以下、サンプルのソースコードです。単純にディスパッチを試すためC言語だけで組んであります。新規プロジェクトをCommand Line ToolのTypeをCで作成して、main.cを以下のコードに差し替えてください。あっ、もちろんSnow LeopardのXcode3.2以降で実行してください。
#include <stdio.h>
#include <stdlib.h>
#include <dispatch/dispatch.h>
int main (int argc, const char * argv[]) {
dispatch_queue_t gQueue = dispatch_get_global_queue(DISPATCH_QUEUE_PRIORITY_DEFAULT, 0);
dispatch_async(gQueue, ^{
dispatch_queue_t sQueue = dispatch_queue_create("jp.objective-audio.sample1", NULL);
for (int i = 0; i < 10; i++) {
dispatch_sync(sQueue, ^{
printf("block %d\n", i);
});
}
dispatch_release(sQueue);
printf("finish\n");
exit(0);
});
dispatch_main();
return 0;
}
dispatch_asyncで非同期で実行するブロックの中でシリアルキューを作って、10回ほどdispatch_syncでブロックを実行させています。その処理が終わったら”finish”と表示してアプリ終了です。
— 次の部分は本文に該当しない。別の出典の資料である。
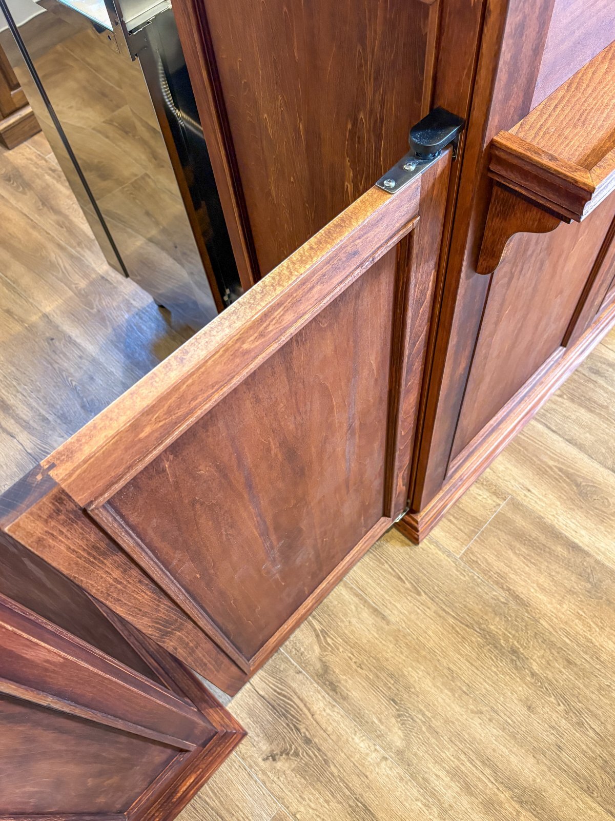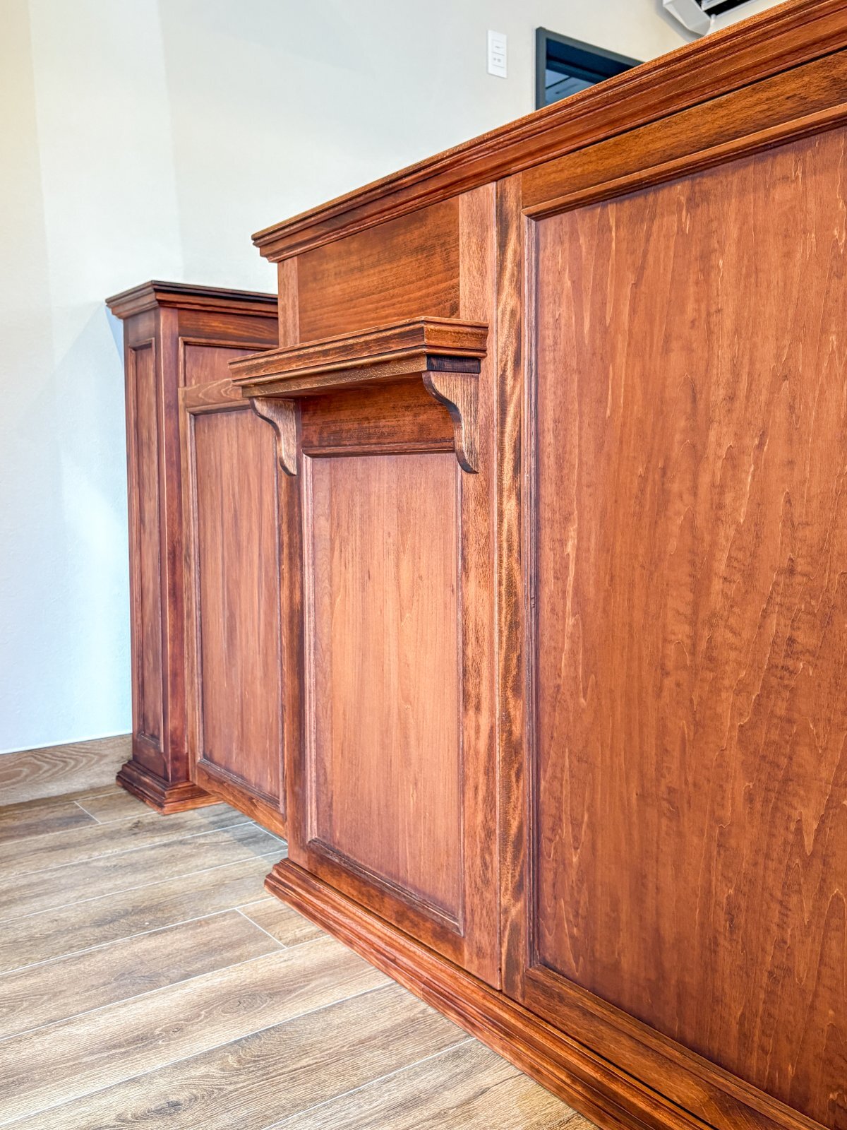 モールディングで細部まで装飾したクラシックアンティーク調のレジ台です。

ブロックの記述は、わざわざ宣言とかしなくても、こんなかんじで関数の中に直接書けちゃいます。
最後のdispatch_main()というのはメインスレッドを休止させるもので、これを使わないとdispatch_asyncでグローバルキューにブロックを実行させる前にアプリがreturn 0で終了してしまいます。NSApplicationMain()かCFRunLoopRun()が走っている場合には必要ありません、というかdispatch_main()を呼び出すと固まります。
キューの種類を入れ替えてみたり、syncとasyncを入れ替えてみたりすると、どんな感じで動作するか分かるかと思います。asyncのところをsyncにするとdispatch_main()が無くてもちゃんと全部実行されますし。逆にsyncのところをasyncにすると、ブロックの処理が別スレッドに行ってしまうので、実行される前に”finish”となります。
とりあえず今回は以上です。asyncやsync以外にもディスパッチでブロックを実行させる関数があるので、また次回見ていきます。